背後にレオンが立っている。何も言わずに。縄を切るための短剣を持って。子どもたちの手首の縄を、一人ずつ丁寧に切ってくれている。


あたしが抱えて、レオンが解く。それだけのことだ。それだけのことが、こんなに心強い。



子どもたちを地上に連れ出した。


グレタさんが手配した町の人間たちが、毛布と温かいスープを持って待っていた。子どもたちが一人ずつ毛布に包まれていく。泣きながらスープを飲む子。グレタさんの胸に顔を埋める子。


拠点は制圧された。組織の人間は全員縛り上げた。マルコが嬉しそうに見張りをしている。ハンスが腕を組んで仁王立ちしている。ユーリが門の外で逃げた一人を捕まえて戻ってきた。


「全員確保っす、カティアさん!」


ユーリの声が妙に誇らしげだった。


あたしは笑った。笑えた。


こいつら──グレンツの、このどうしようもなく雑で乱暴で人情深い連中が、子どもたちのために夜中に駆けつけてくれた。


一人じゃなかった。


学園では一人だった。誰にも言えなかった。誰にも頼れなかった。拳を握って、壁になって、一人で立った。
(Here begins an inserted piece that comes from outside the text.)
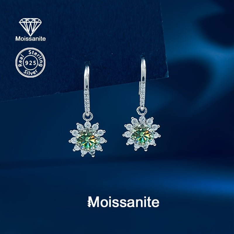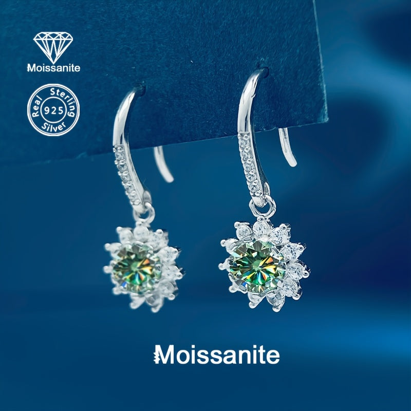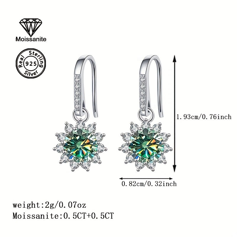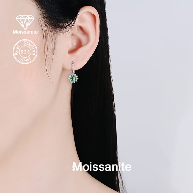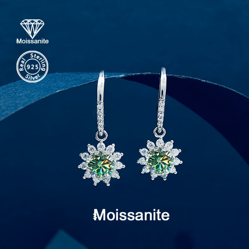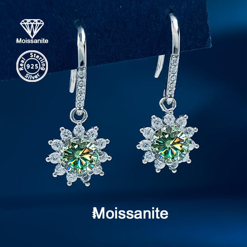 • 925 silver sunflower earrings with 1 carat colorful moissanite
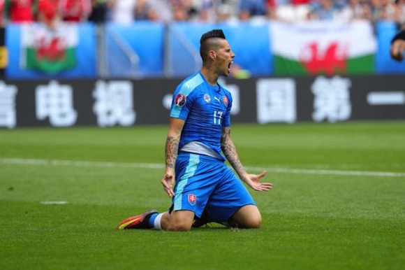 Словакът Марек Хамшик прави впечатление с избръснатата си глава и гребена, който стърчи отгоре. Прическата обаче очевидно му носи късмет, след като той отбеляза великолепен гол срещу Русия.

今夜は六人で立った。あたしの拳と、レオンの知恵と、マルコの腕と、ハンスの鉄槌と、ユーリの足と、グレタさんの人望。


──これが、「背負う相手を増やす」ということか。



夜明け前。


砦壁の上に座っていた。


隣にレオンがいる。二人並んで、足を壁の外側にぶらさげている。東の空が白み始めている。星が一つ、二つと消えていく。


しばらく、何も喋らなかった。


あたしは疲れていた。全身が痛い。拳の皮が剥けている。膝を打った。肩が軋む。でも気分は悪くない。悪くないどころか、ここ数ヶ月で一番まともな気分だ。


「子どもたち、全員無事だった」


レオンが言った。


「うん」


「五人とも身元が判明している。二人はグレンツの子ども。三人は近隣の村から攫われていた。明日には家族の元に帰せる」


「エルザは……いなかったね」


「ああ。ここにはいなかった。だが帳簿から他の拠点の位置は割り出せる。時間はかかるが、追える」


「……うん」


悔しくないと言えば嘘になる。エルザを取り戻したかった。でも五人の子どもを救えた。それは嘘じゃない。


風が吹いた。夜明け前の風は冷たくて、傷に沁みる。


「カティア」


名前で呼ばれた。こいつがあたしを名前で呼ぶのは、まだ珍しい。指で数えられるくらいしかない。


「任務が──」


レオンが言いかけて、止まった。


珍しい。言い淀むなんて。こいつは正論を迷わず吐く男だ。言葉に詰まるところを初めて見た。


「任務が、何」


「……任務が終わっても」


また止まった。


あたしはレオンを見た。横顔。頬の古傷。切れ長の目。夜明けの薄い光が、輪郭をぼんやりと照らしている。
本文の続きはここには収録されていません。